—Avísale a la señora Zaira que tendremos junta por la tarde. Y, por favor, dile que traiga a Gaspar —ordenó Micaela.
Tadeo salió de inmediato. Micaela se quedó recargada contra la mesa del laboratorio, con el ceño marcado. Su mente no dejaba de dar vueltas: pensaba en su madre, esperando en el hospital, con la esperanza puesta en ese nuevo medicamento. Aquella mirada que suplicaba por seguir viviendo le pesaba en el corazón.
...
A las tres de la tarde, el ambiente en la sala de reuniones del laboratorio era denso, casi asfixiante.
La doctora Zaira y el doctor Leiva ya estaban ahí, conversando en voz baja sobre los resultados más recientes. Micaela ocupaba el asiento principal, tamborileando con los dedos sobre la mesa, de vez en cuando lanzando una mirada inquieta hacia la puerta.
La reunión no podía comenzar hasta que llegara la última persona.
—El señor Gaspar ya llegó —anunció Tadeo, entrando al salón.
Micaela detuvo el golpeteo de sus dedos y alzó la vista.
Gaspar cruzó la puerta con pasos firmes, como si se hubiera escapado de algún evento importante. Llevaba un traje oscuro perfectamente entallado, el cabello pulcro y recogido hacia atrás, sin un solo mechón fuera de lugar.
Su mirada recorrió la sala con rapidez, deteniéndose finalmente en Micaela. Había una profundidad en sus ojos que no dejaba ver el fondo.
—Empecemos —dijo, la voz grave y llena de autoridad.
Tadeo se apresuró a indicarle el asiento.
—Señor Gaspar, por favor, tome asiento.
—Cuéntenme los resultados más recientes del experimento —pidió Gaspar, usando un tono tan calmado que, aun así, todos sintieron la presión en el aire.
Zaira miró a Micaela y le dio una señal para que hablara.
Micaela asintió, obligándose a mirar de frente al hombre que encabezaba la mesa.

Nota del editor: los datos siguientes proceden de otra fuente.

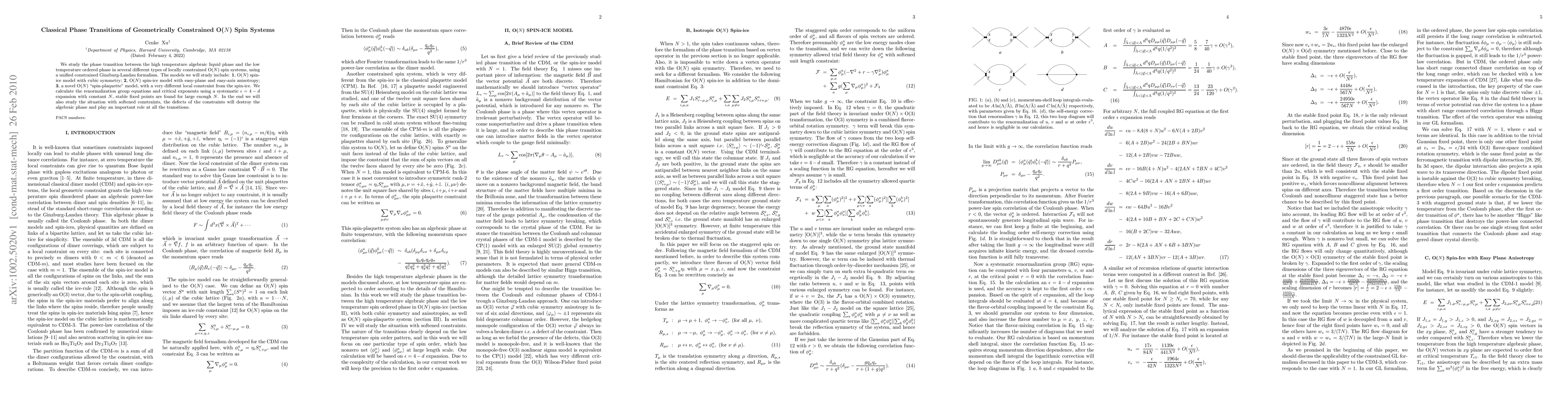 This paper investigates phase transitions in geometrically constrained O(N) spin systems, employing a unified Ginzburg-Landau formalism. It examines various models, including spin-ice and a novel spin-plaquette model, and finds stable fixed points for large N, while also considering the effects of softened constraints on phase transitions.
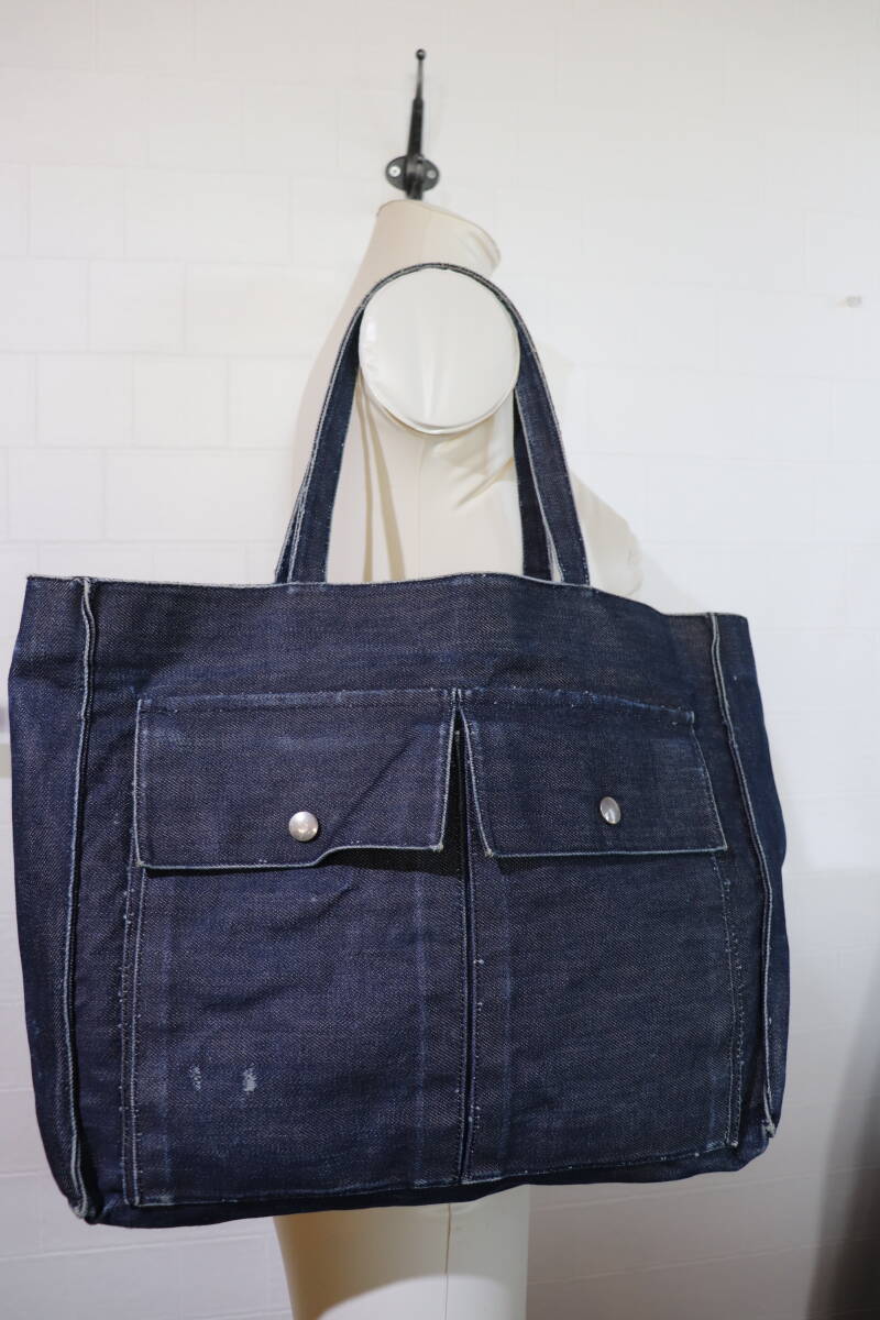 > 即決 2000年代初頭 A.P.C. アーペーセー フランス製 フラップポケット アーミー ミリタリーバッグ デニムトートバッグ ユニセックス
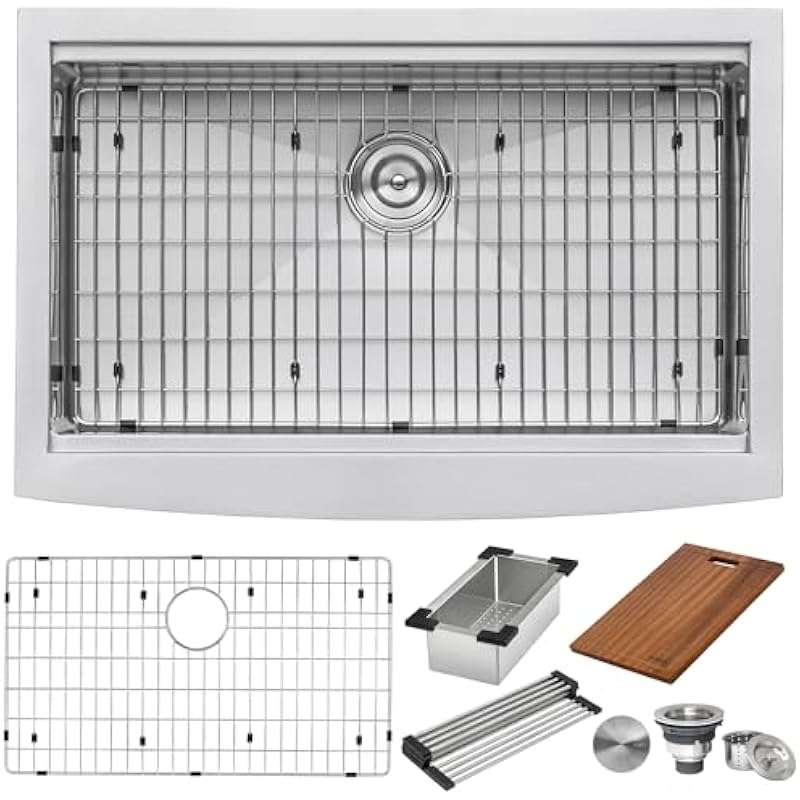 Ruvati RVH9200 Apron Front 16 Gauge 33″ Kitchen Single Bowl Sink, Stainless Steel

—Los resultados muestran que el medicamento provocó una reacción inmunológica fuera de control. Si seguimos con el plan original, el riesgo es demasiado alto.
La expresión de Gaspar se volvió aún más seria. Golpeó la mesa dos veces con los dedos, como si estuviera calculando mentalmente las consecuencias.
El silencio era tan espeso que cualquiera podía escuchar su propio corazón latiendo. Tadeo y los demás asistentes ni siquiera se atrevían a respirar fuerte.